Dear Waldek,
My past experience was that I needed about month of work to update to new GCC version (say 4.1 to 4.2).
I'm looking at this list of releases:
https://www.gnu.org/software/gcc/releases.html
Looks as if you would have to spend half your time working on this just to keep up.
Could you post your benchmark.
I'll prepare a stand-alone Pascal console program that inverts matrices populated with random numbers, and can be compiled in FPC and GPC by use of a compiler directive. The code won't be exactly the same: on GPC I used dynamic schema for the matrices, and on FPC I use dynamic arrays. I will then send the code as an attachment to the list with some benchmark measurements in the comments. This effort will have to wait a week or two, because I have dropped behind schedule with other stuff, and Brandeis University campus is opening up at last. But I will do it.
- tiny routines (especially tiny loops) have kind of random speed,
adding useless instrution can make tiny look go faster, moving code to different place in memory can change runtime
Interesting. The matrix inverter is not a tiny loop. It is subtracting matrix rows and replacing matrix rows with new rows. So it's a lot of real number arithmetic and conditional branches and access to the local cache. Well, I assume it's the local cache. The matrix is 100 x 100 x 8 byte real = 80 kBytes.

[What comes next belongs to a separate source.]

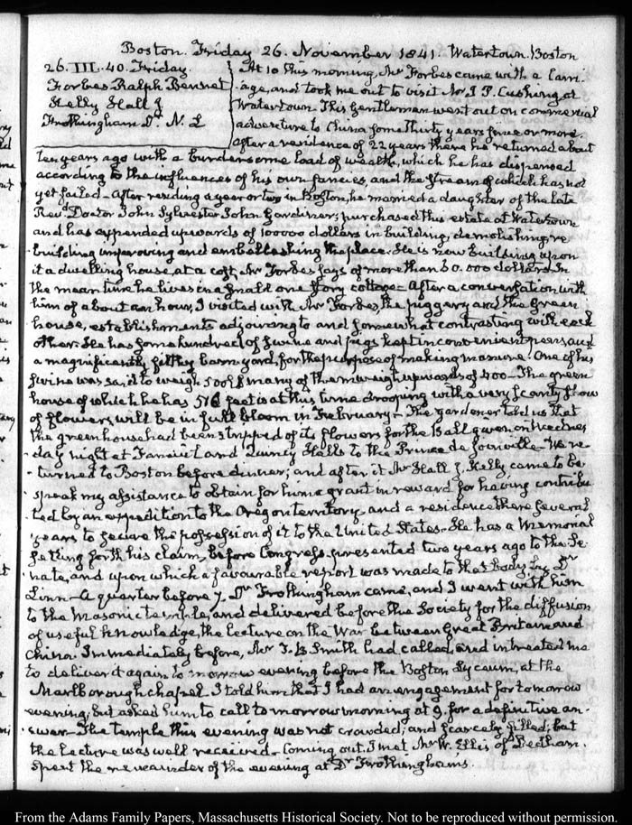Boston. Friday 26 November 1841. Watertown Boston
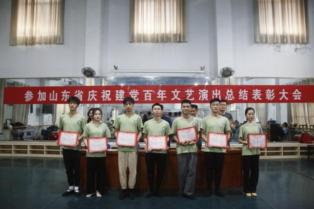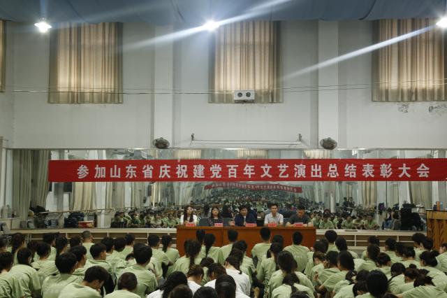 表彰大会开始前,到会领导、老师和同学们一起观看了此次演出的纪实视频,和演员们一起回忆了此次演出的点点滴滴。牟艳丽向大家介绍了参演基本情况,对于学院师生演出团队在本次《百年奋进铸辉煌——山东省庆祝中国共产党成立100周年文艺演出》中的优秀表现给予了高度评价并进行通报表彰。梁建新宣读表现突出个人名单,到会领导、老师向在此次演出活动中表现突出的邓香煜等12人予以表彰并颁发荣誉证书。带队教师朱歌、陈蓝天先后进行发言,回忆了参演过程中发生的感人故事,对参演的150名学生纪律严明、追求完美、团结友爱、无私奉献的纪律作风提出表扬。19级李光宇和20级李芷萱代表学生进行了发言,简述了参演体会和心得,他们表示此次演出活动对他们来说是一次难得的人生经历,收获满满。

My understanding is that modern caches are measured in Megabytes.
- Pascal semantics sometimes forces less efficient code.
I'll grant you that. I did wonder if the GPC dynamic schema type that I was so fond of, with its freedom to assign any index range like 1..10 instead of 0..9, can slow things down by forcing an addition before memory access. If the compiler could not figure out how to offset the index register memory access, there would be a slow-down. I'm implementing dynamic arrays with range 1..n in FPC by creating an array 0..n and ignoring the 0 element.

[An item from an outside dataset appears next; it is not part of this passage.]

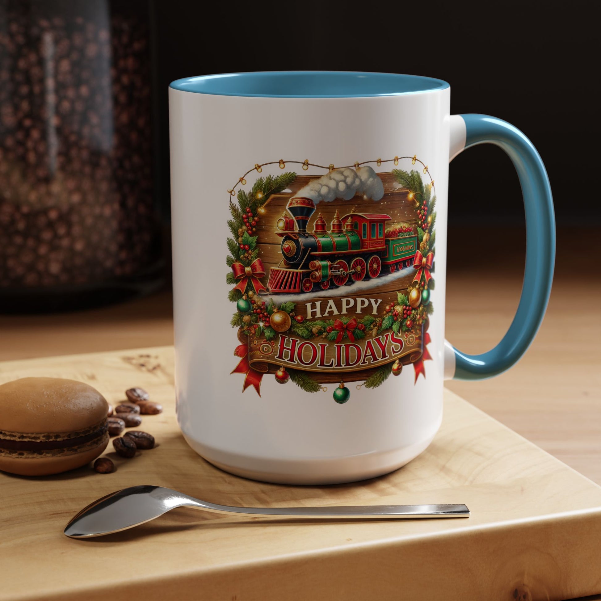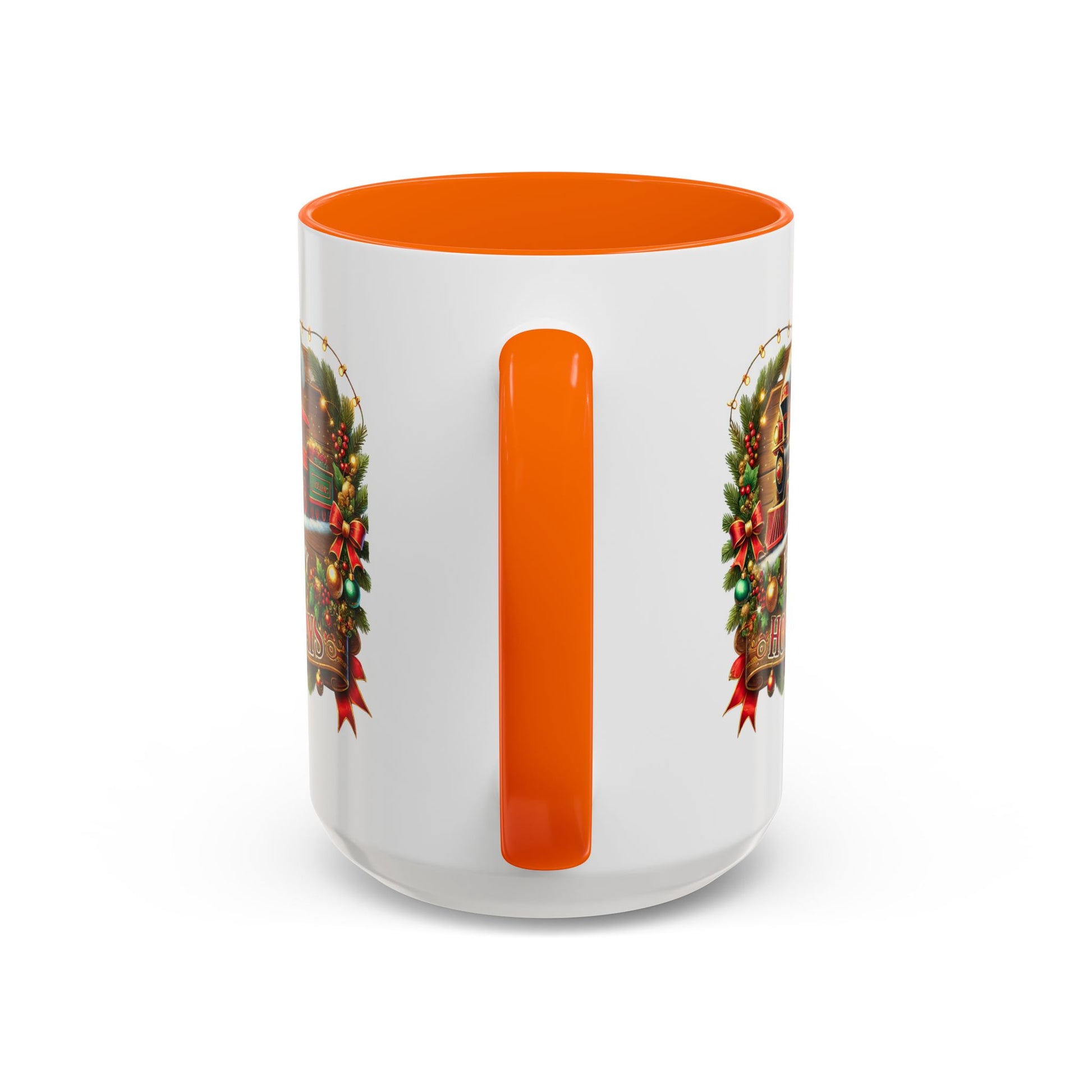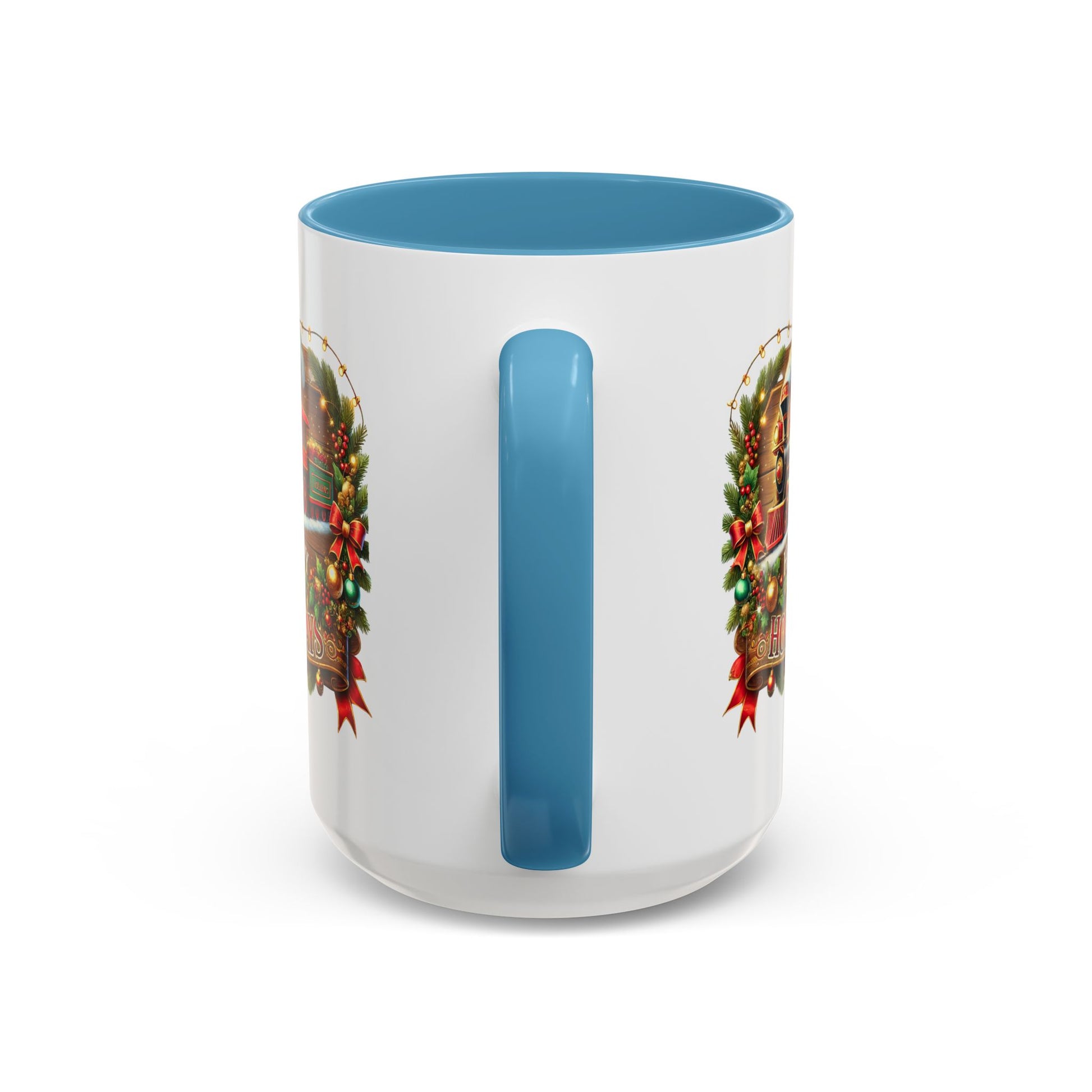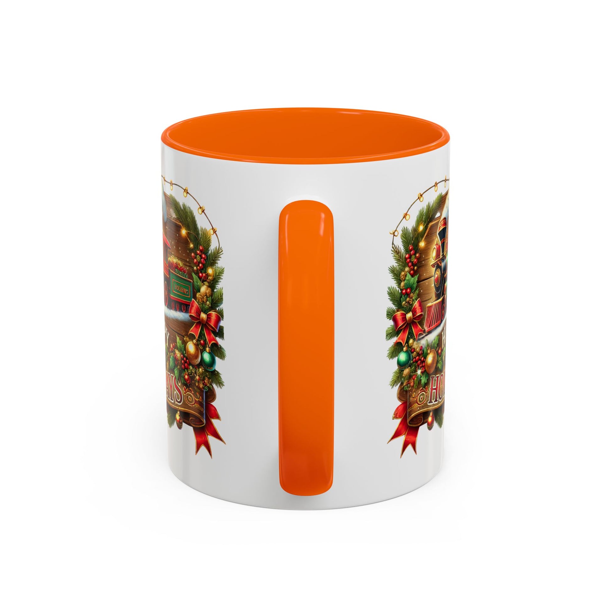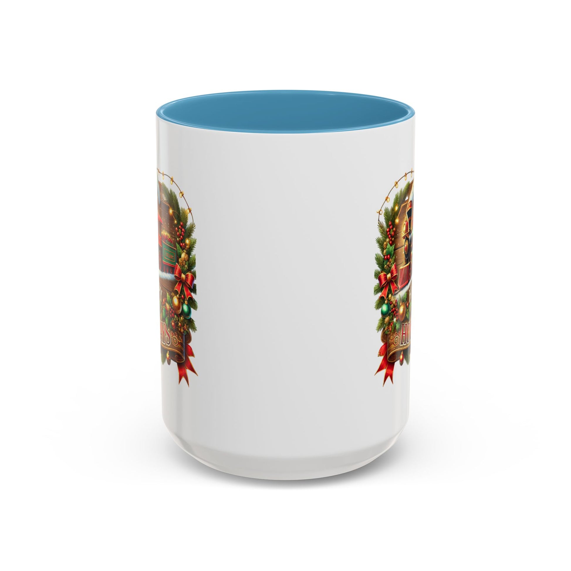 Christmas Mug - Happy Holidays White & Red Text Steam Locomotive

In particular Pascal requires "correct" handling of edge cases and code needed for this may increase runtime
I had forgotten about that. I must look into this, and make sure I have GPC and FPC on a level playing field when it comes to range checking at run-time. It could be that such checks are turned off in FPC and turned on in GPC and this explains the entire difference in execution time.
- bit-packed arrays are particularly inefficient.
I'm not bit-packed arrays. I have packed arrays of bytes for images, but other than that the compiler, for the moement, free to choose the alignment of the fields. I will have to constrain the byte alignment later when I build static libraries to link to C and Fortran. But for now they are unconstrained.
Well, Aplle decided to use LLVM mostly for licencing reasons
The devils.
Now LLVM has accumulated its own warts and partially in response to LLVM GCC folks have done large cleanups.
That's encouraging.
My student made a small compiler interfacing LLVM (he did not want to deal with GCC). In about 2 years his compiler got completely broken by changes to LLVM interface...
Darn it!
Best, Kevan